20 dB feedback at 100 Hz (distortion divided by 10 at such frequency)
12 dB feedback between 54 Hz and 195 Hz (distortion divided by 4)
6 dB feedback between 35 Hz and 360 Hz (distortion divided by 2)....
Ah, I see where this is going. Curiously, it goes back to the very thing I've been harping on all along: goals. Different MF concepts are differentially suitable (by Leibniz or by Newton) to different parts of the sound compass. At higher frequencies, to obliterate hearable distortion. At lower frequencies, to obliterate the large resonance, without cutting distortion all that dramatically.

Indeed, if you wanted to make an extremely great two-driver little box, you might do just what steph_tsf has explained as the Cabasse approach.

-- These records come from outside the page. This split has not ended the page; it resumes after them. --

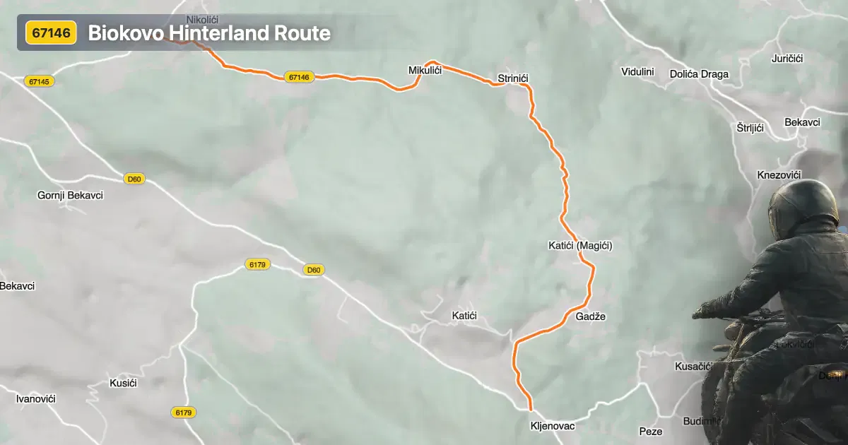 While Lokalna cesta 67146 itself does not pass through any settlements or directly connect to major tourist attractions, its proximity to the Biokovo Nature Park makes it a strategic route for riders interested in exploring the region's natural beauty. The Biokovo mountain range is renowned for its rugged landscapes, panoramic viewpoints, and diverse flora and fauna. Riders may consider extending their journey to visit the Biokovo Mountain, which offers hiking trails and the famous Skywalk viewpoint. The road's rural setting also provides opportunities to experience the tranquility of the Dalmatian hinterland, away from the more crowded coastal areas.
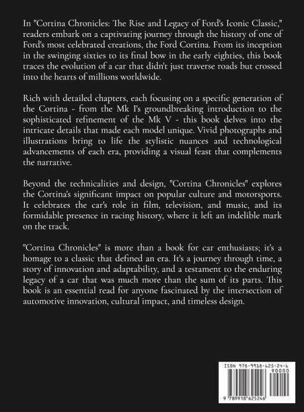 In "Cortina Chronicles: The Rise and Legacy of Ford's Iconic Classic," readers embark on a captivating journey through the history of one of Ford's most celebrated creations, the Ford Cortina. From its inception in the swinging sixties to its final bow in the early eighties, this book traces the evolution of a car that didn't just traverse roads but crossed into the hearts of millions worldwide. Rich with detailed chapters, each focusing on a specific generation of the Cortina - from the Mk I's groundbreaking introduction to the sophisticated refinement of the Mk V - this book delves into the intricate details that made each model unique. Vivid photographs and illustrations bring to life the stylistic nuances and technological advancements of each era, providing a visual feast that complements the narrative. Beyond the technicalities and design, "Cortina Chronicles" explores the Cortina's significant impact on popular culture and motorsports. It celebrates the car's role in film, television, and music, and its formidable presence in racing history, where it left an indelible mark on the track. "Cortina Chronicles" is more than a book for car enthusiasts; it's a homage to a classic that defined an era. It's a journey through time, a story of innovation and adaptability, and a testament to the enduring legacy of a car that was much more than the sum of its parts. This book is an essential read for anyone fascinated by the intersection of automotive innovation, cultural impact, and timeless design.
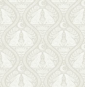 A Scandinavian twist on a traditional damask, this enchanting design is perfect for styling a gender neutral nursery or kids playroom. Rabbits sit amongst the flowers under the moonlight in this whimsical peel and stick wallpaper. Cream Moon Rabbit Peel and Stick Wallpaper comes on one roll that measures 20.5 inches wide by 18 feet long. Taupe Scandi damask peel and stick wallpaper; Peel and stick to apply.
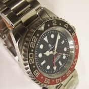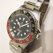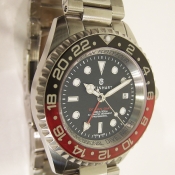 簡述: Steinhart 德國品牌潛水錶/ OCEAN Forty Four GMT Black-RED 300 米潛水腕錶/ 型號:103-0462/ 採瑞士 ETA2893-2 自動上鏈機芯,機芯為:21石,動力儲存:42小時/ 具時ˋ分ˋ秒指示及日期顯示及第 2 地時間指示/ 黑色面盤/ 夜光指針及標誌型時標/ 全錶拋霧 316 L 不鏽鋼材質/ 紅及黑色 24 時制錶圈,可供判讀第 2 第時間/ 手錶尺寸: 44mm 錶徑,厚:13.6 mm,重:205g / AR 塗層防炫礦石水晶玻璃/ 搭配原廠 22mm 蠔式錶帶及折疊式錶扣/ 防水: 300 米.
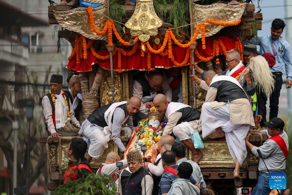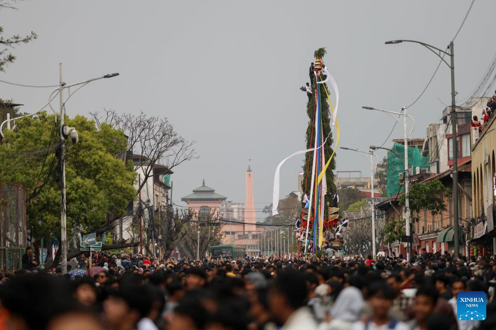 People take part in the Seto Machindranath chariot procession in Kathmandu, Nepal, March 26, 2026. Seto Machindranath is known as the god of rain and both Hindus and Buddhists worship Machindranath for good rain. (Photo by Sulav Shrestha/Xinhua)

I never think about MF except for subs, but I see how Cabasse (and some of the wise persons on this thread) might think about producing great sound north of 120 Hz.

About Hombre's experiments with a piezo gizmo, might be great fun experimenting with a 10-cent crystal to make a $200 driver sound better (or if you are Philips, to make a $20 driver sound better). But in the DIY world, why not get an ACM accelerometer with spectacular specs for $25 on eBay?

Not easy to work with piezo crystal because of the challenging parameters involved. The device has very large resistances and impedances which might slip hither and yon with frequency. Then you are playing the crystal into a device with an input impedance that may be hard to characterize too. Phase on an oscilloscope doesn't need much prodding to start wandering about. Which what I think Hombre might be finding as an artefact of measurement.

Ben
 
@ Gnobuddy

I don't have a problem if you think it's utterly ridiculous, others may not 😉
Not at all, I absolutely don't think it's utterly ridiculous. I think it's an excellent hypothesis - an untested idea, but a perfectly good one. Then, you "throw it at the wall and see if it sticks", as one colourful Australian put it. In other words, test the hypothesis (by simulation and/or actual experiment) to see if it actually works, or not. Nature has a way of letting inconvenient facts ruin perfectly good hypothesis, to misquote some famous person. 😀

In this case, this particular hypothesis has occurred to lots of smart young engineers, so it has been tested - many times - in the past. I had exactly the same idea myself once, in my early twenties, when I first came up against a rather complicated servo system (it was used to accurately stabilize the frequency of a laser). My idea didn't work, and ended up in the idea scrapyard.

But IMHO it's still worth testing, or at least simulating - firstly as a learning tool, and secondly because it's always possible you're visualizing something new and different, and it will actually work.

My earlier comment about mining the moon for green cheese was just a joke, but with a grain of truth: there are some hypothesis that are really not worth the time and effort it takes to test them. For example, suppose I make the hypothesis that cardboard has a higher tensile strength than steel - that's absolutely not worth testing, unless I happen to be five years old, and a kindly nearby adult suggests I do the test and learn for myself that steel really is stronger than cardboard.

IMO, on this forum, the hypothesis not worth testing are things like the fairly frequent claims about expensive capacitors that magically sound better than cheaper capacitors, even though there is no measurable difference, and the listening tests were conducted in such a way as to make them utterly worthless.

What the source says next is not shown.